Der Hinweis auf § 20 Abs. 2 WoGG deutet darauf hin, dass das Wohnungsamt davon ausgeht, dir würde Berufsausbildungsbeihilfe zustehen. Warum du keine bekommst, kann ich aus deiner Frage leider nicht ersehen.

In einem Widerspruch gegen einen Verwaltungsakt sollte deutlich hervorgehen, dass du Widerspruch einlegst. Zum Beispiel: "Gegen Ihren ablehnenden Bescheid vom ... lege ich hiermit Widerspruch ein."
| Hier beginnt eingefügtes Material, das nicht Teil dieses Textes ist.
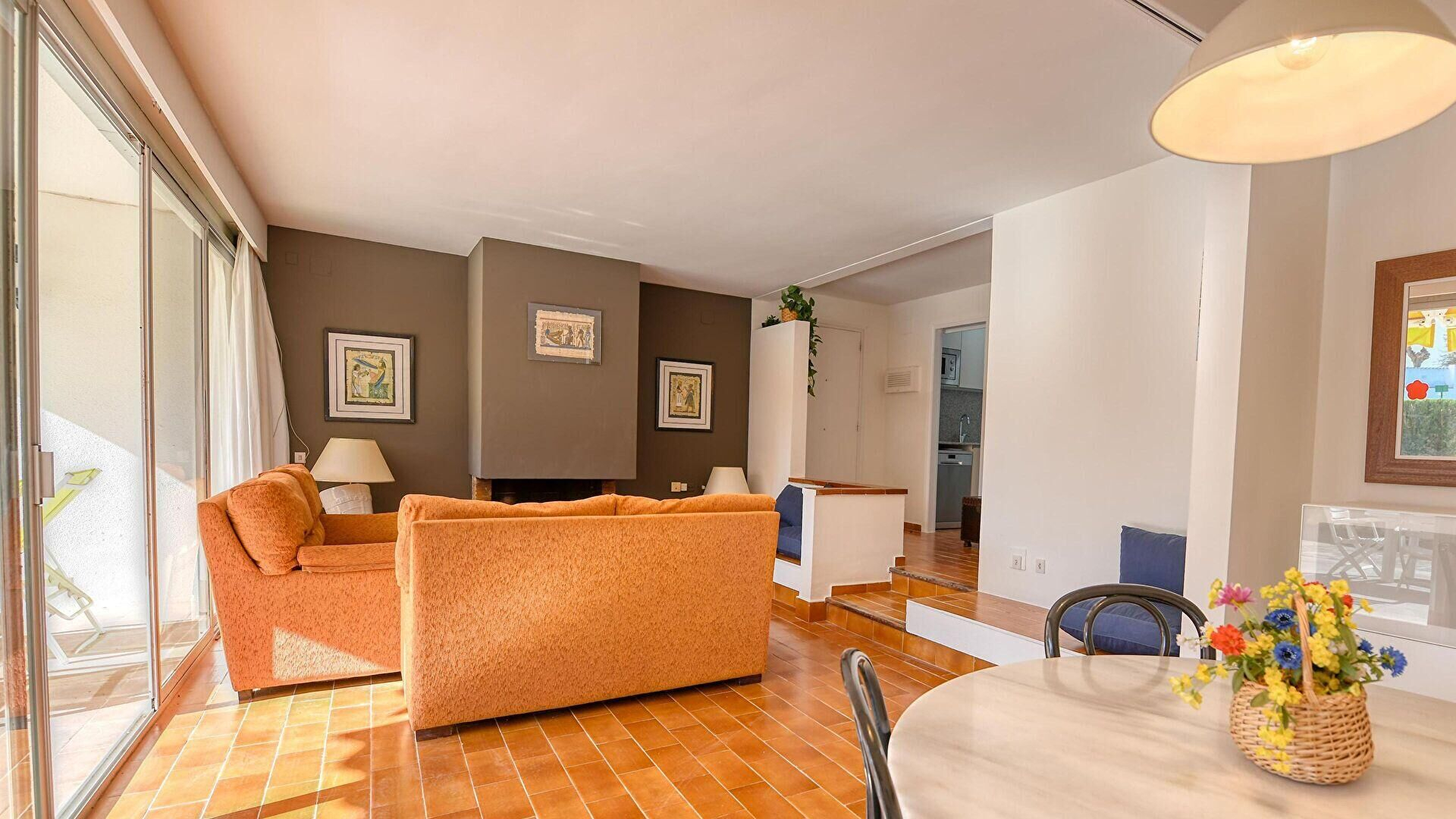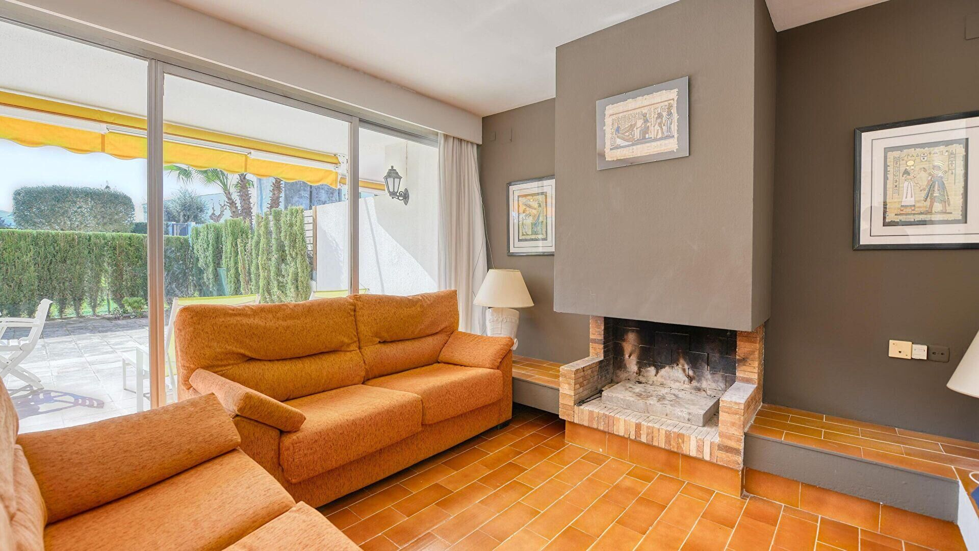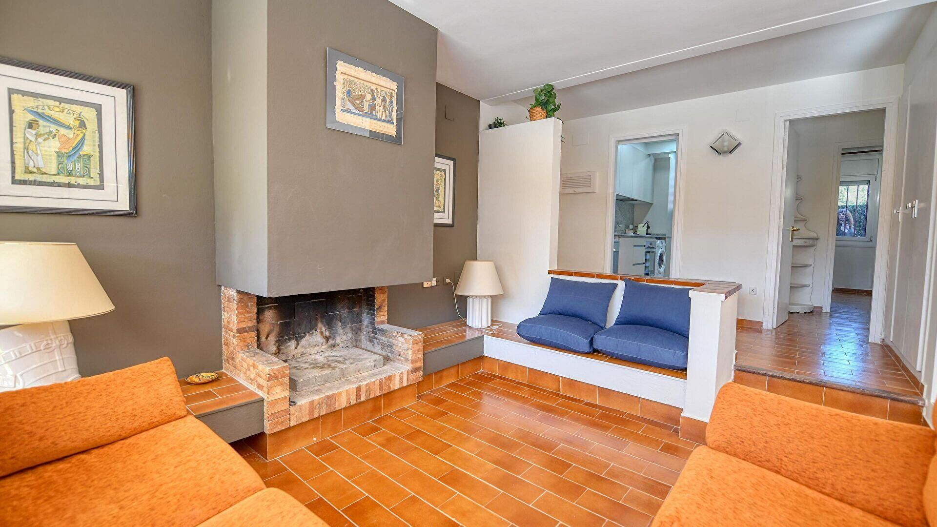- Salle de séjour, cheminée, téléviseur, sortie sur la terrasse, sortie au jardin privé et radiateur électrique.
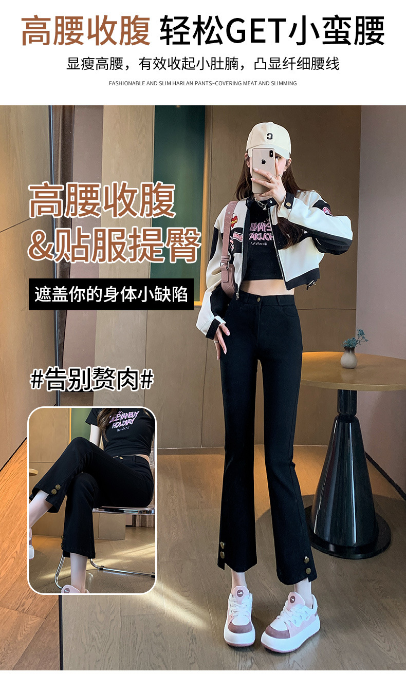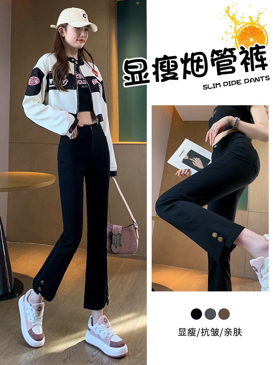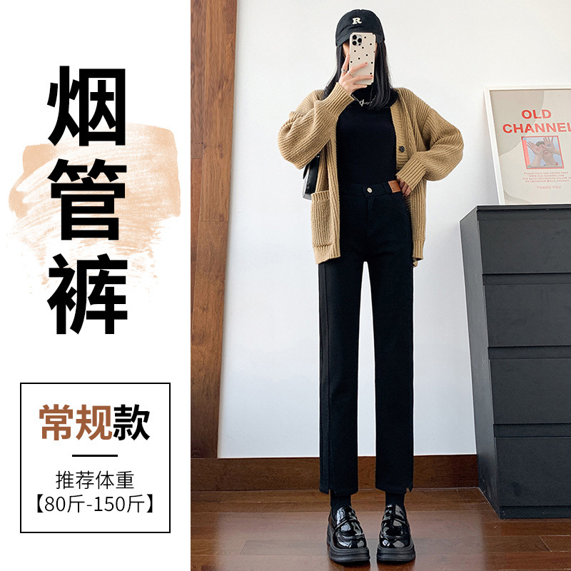 검은 연기 튜브 바지 여성의 봄과 가을 데님 여성 바지 새로운 2024 폭발 작은 9 분할 스트레이트 배럴 바지
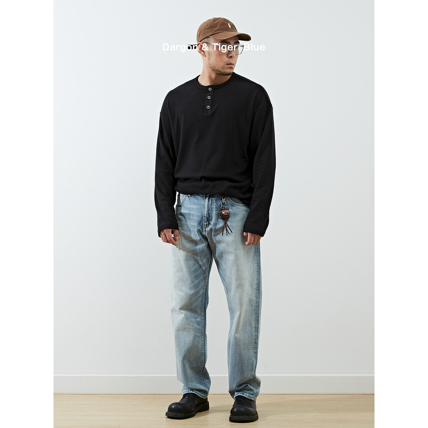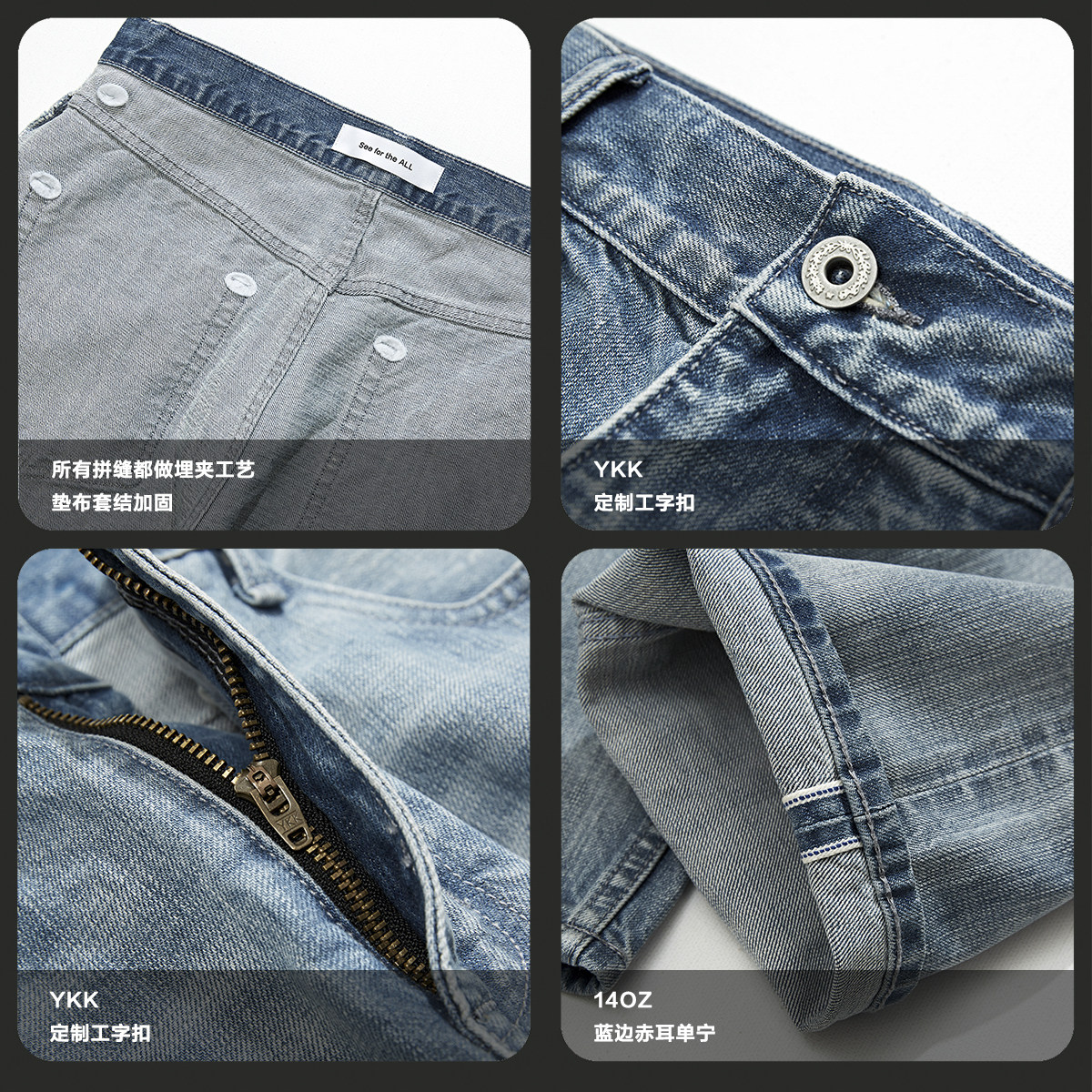 📚 高品质14OZ赤耳 CleanFit浅蓝 浅色501复古宽松直筒牛仔裤男 潮牌
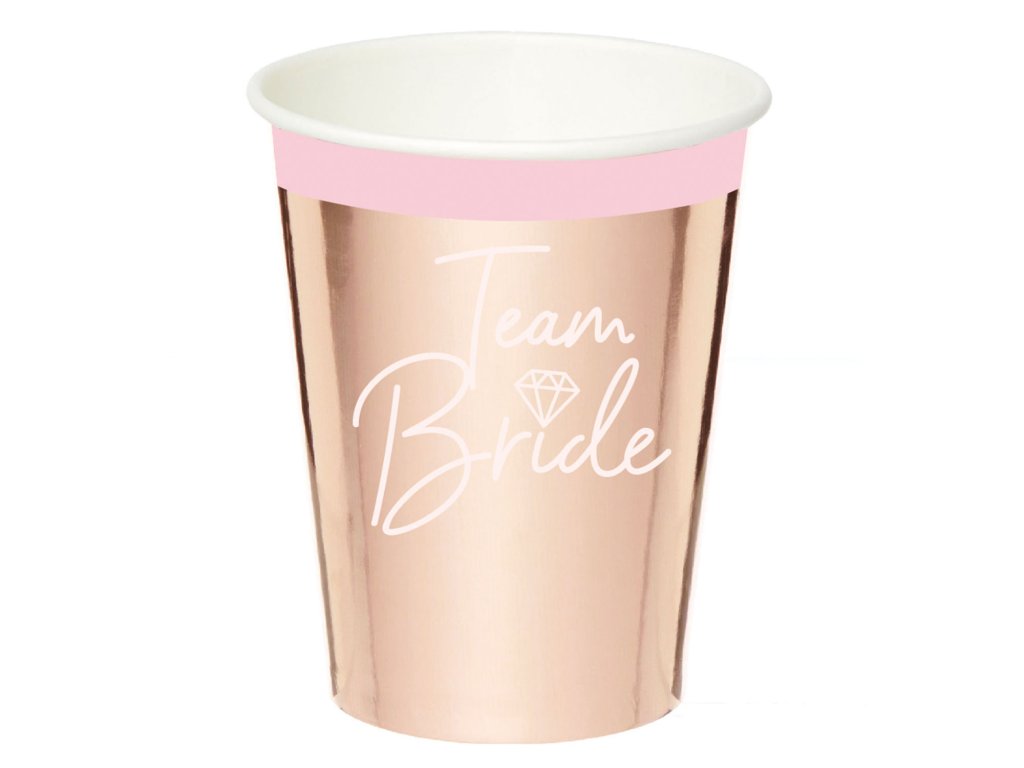 Розово-златни чаши - Team Bride 8 бр. 250 мл
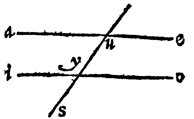 The paralillesme, or parallell-equality of right lines cut with a right line, concludeth a threefold equality of angles: And the same is againe of each of them concluded. Therefore in this one element there are sixe things taught; all which are manifest if a perpendicular, doe fall upon two parallell lines. The first sort of angles are in their owne words plainely enough expressed. But the word Alternum, alterne [or alternate, H.] here, as Proclus saith, signifieth situation, which in Arithmeticke signified proportion, when the antecedent was compared to the consequent; notwithstanding the metaphor answereth fitly. For as an acute angle is unto his successively following obtuse; So on the other part is the acute unto his successively following obtuse: Therefore alternly, As the acute unto the acute: so is the obtuse, unto the obtuse. But the outter and inner are opposite, of the which the one is without the parallels; the other is within on the same part not successively; but upon the same right line the third from the outer.
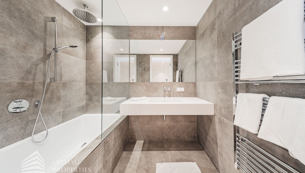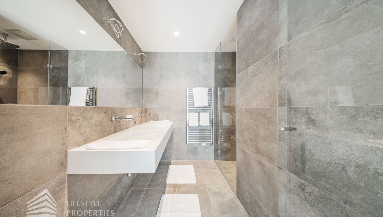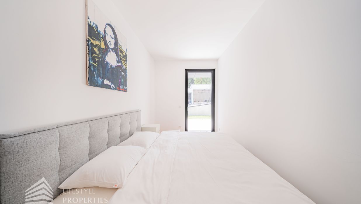 Linkerhand vom Eingangsbereich gelangen Sie in die privaten Räumlichkeiten. Hier befinden sich zwei kleinere Schlafzimmer, welche wunderbar als Kinder-, Gäste- oder Arbeitszimmer genutzt werden können, aber auch das Masterbedroom mit einem Ensuite Badezimmer und einem separatem WC. Dank der Terrassentüren in jedem Zimmer sind die Räume nicht nur unglaublich freundlich und hell, sondern man gelangt auch problemlos in den eigenen Garten.
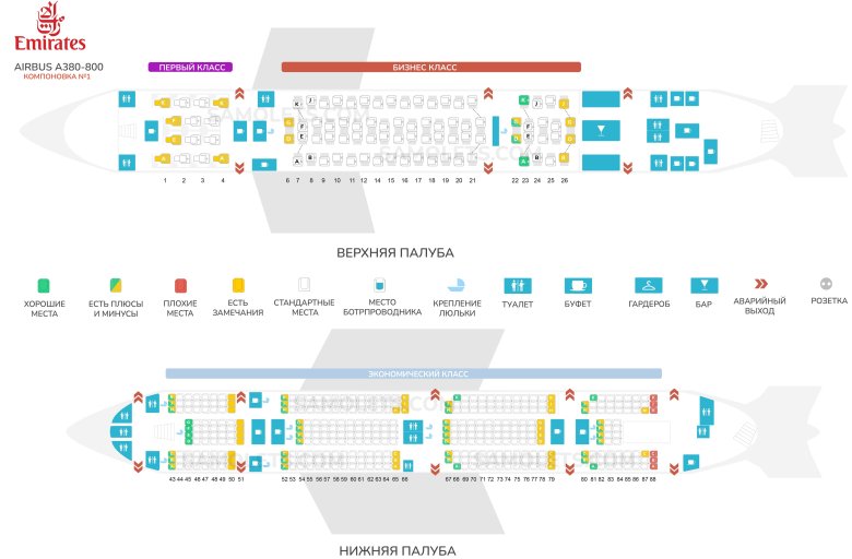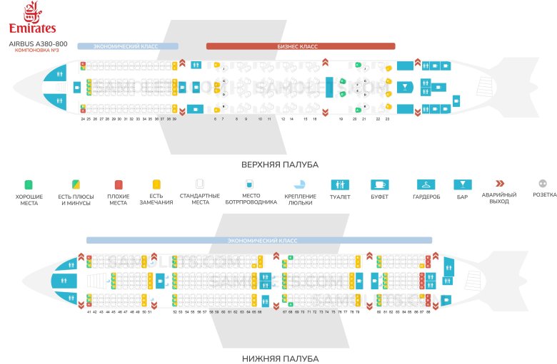 Аэробус а380-800 эмирейтс расположение мест

Dann folgt die Begründung. Weil Antrag und Widerspruch von verschiedenen Sachbearbeitern gelesen werden, legst du noch einmal die Fakten dar. Zum Beispiel: "Ich befinde mich im dritten Lehrjahr meiner Ausbildung zum ... Meine Ausbildungsvergütung beträgt monatlich ...... Die Miete für meine 39 m² Einzimmerwohnung beträgt monatlich ..... Eine Berufsausbildungsbeihilfe wurde mit Schreiben vom ... abgelehnt. Aufgrund dieser Umstände ist es mir nicht möglich, meine Miete aus eigenen Mitteln zu bezahlen. Ich bitte deshalb darum, Ihren Bescheid vom ... aufzuheben und mir Wohngeld zu zahlen."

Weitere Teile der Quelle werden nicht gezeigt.